Timing pytorch inference for concurrent python processes

Say I have python process A and python process B scheduled concurrently like this:

#!/bin/bash

python my_model_A.py &
python my_model_B.py &

I want to understand the inference time for each of the models while they run standalone and concurrently.

For a standalone pytorch model I follow the guides here, that essentially tells me to synchronize the CUDA device.

Now the same code still works for two concurrently pytorch models. The issue here is that the inference isn’t really reported correctly, because the call torch.cuda.synchronize() blocks the other process, so there is a lot of idling reported in the timing.

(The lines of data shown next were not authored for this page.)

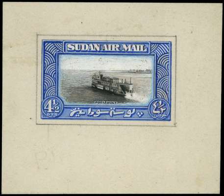 1950 Airmail 4½pi hand painted essay, with photographic centre, embellished with Chinese White and frames executed in ultramarine (issued colour) and Chinese White on thick glazed card, (58x50mm), very fine, a beautiful essay. SG 120var Ex De La Rue Archives
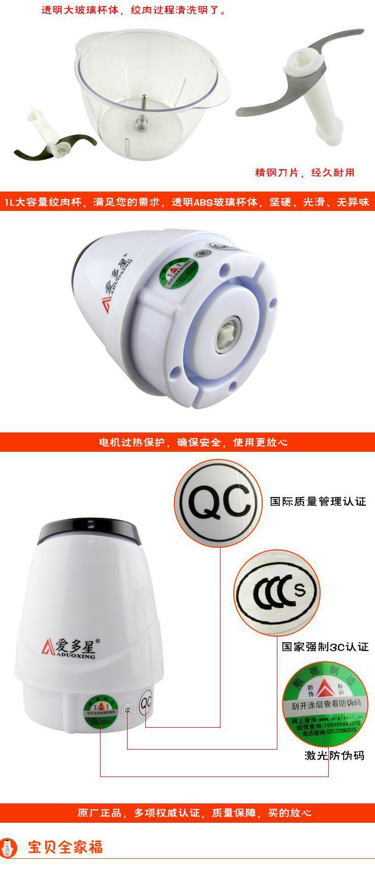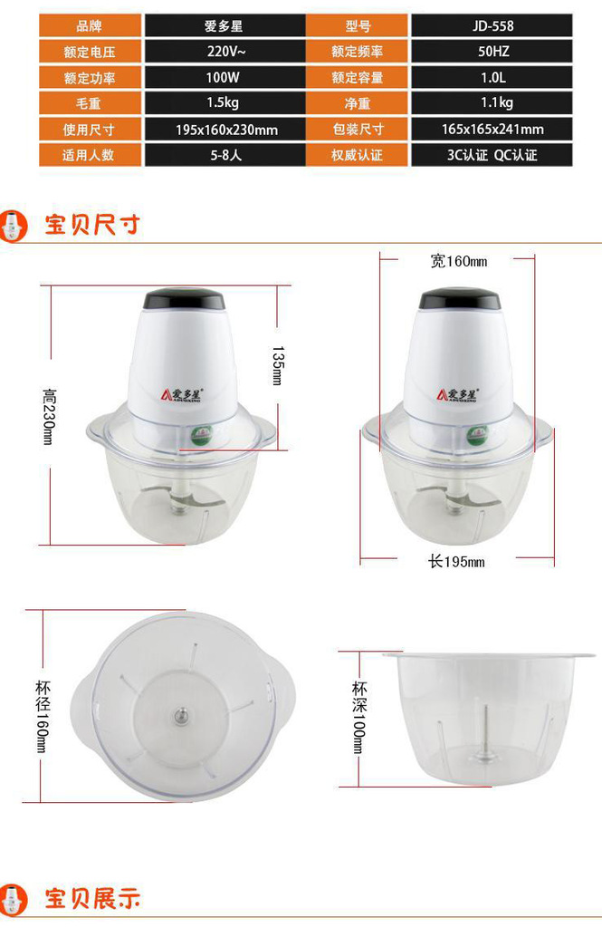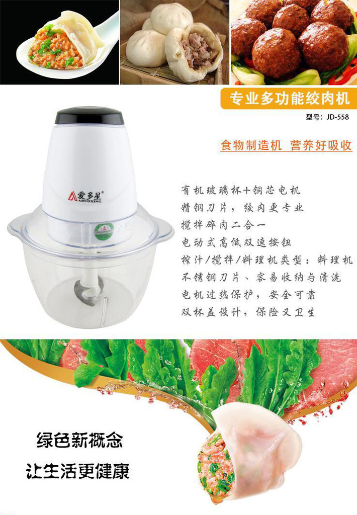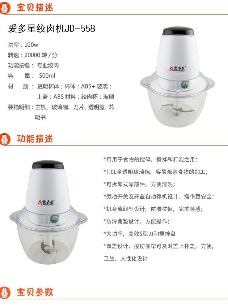 | 产品名称 : | 爱多星JD-558 电动家用绞肉机 搅拌机 多功能绞肉机 |
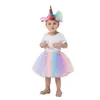 Nova Saia de Unicórnio Infantil Europeia e Americana Saia Arco-Íris Conjunto de Saia com Faixa de Cabelo de Unicórnio de Malha
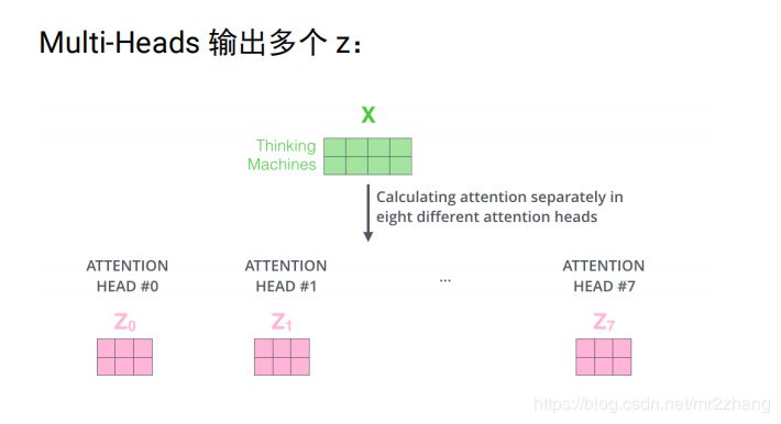 实际中是多个head, 即多个attention(多组qkv),通过训练学习出来的。不同attention关注不同的信息,指代消解 上下位关系,多个head,原始论文中有8个,每个attention得到一个三维的矩阵
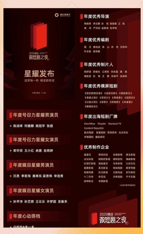 与此同时,主办方在午夜时分透露消息, 横店将在明年投入5亿资金扶持微短剧创作。这5亿资金,不仅让当前的获奖者欢欣鼓舞,更让未来的创作者充满了期待。
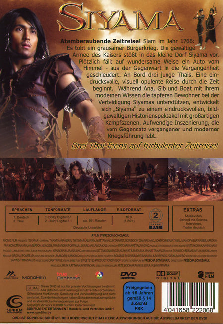 Siam im Jahr 1766: Es tobt ein grausamer Bürgerkrieg. Die gewaltige Armee des Kaisers stößt in das kleine Dorf Siyama vor. Plötzlich fällt auf wundersame Weise ein Auto vom Himmel - aus der Gegenwart in die Vergangenheit geschleudert. An Bord drei junge Thais. Eine eindrucksvolle, visuell opulente Reise durch die Zeit beginnt. Während Ana, Gib und Boat mit ihrem modernen Wissen die tapferen Bewohner bei der Verteidigung Siyamas unterstützen, entwickelt sich "Siyama" zu einem eindrucksvollen, bildgewaltigen Historienspektakel mit großartigen Kampfszenen.
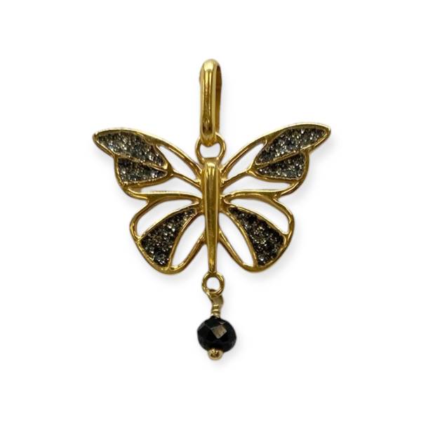 Ravissant pendentif papillon en or 750/1000 avec une pierre noire.

An example: Say Model A takes 150ms and so does Model B. For standalone application, both inference time is correctly reported using above link. If I schedule them concurrently, the above linked code will report 300ms for both models, since it is essentially reporting both Model A and Model B inference due to the blocking of torch.cuda.synchronize().

Is there a way to schedule these two processes concurrently and still measure the inference separately?

I think it depends a bit what you actually want to measure. If you want to measure the entire runtime of the script you could run it via time python script.py and make sure the execution is indeed finished e.g. by manually synchronizing or by printing a value of the result.
Manual syncs are needed, if you want to measure the actual GPU runtime since CUDA code is executed asynchronously.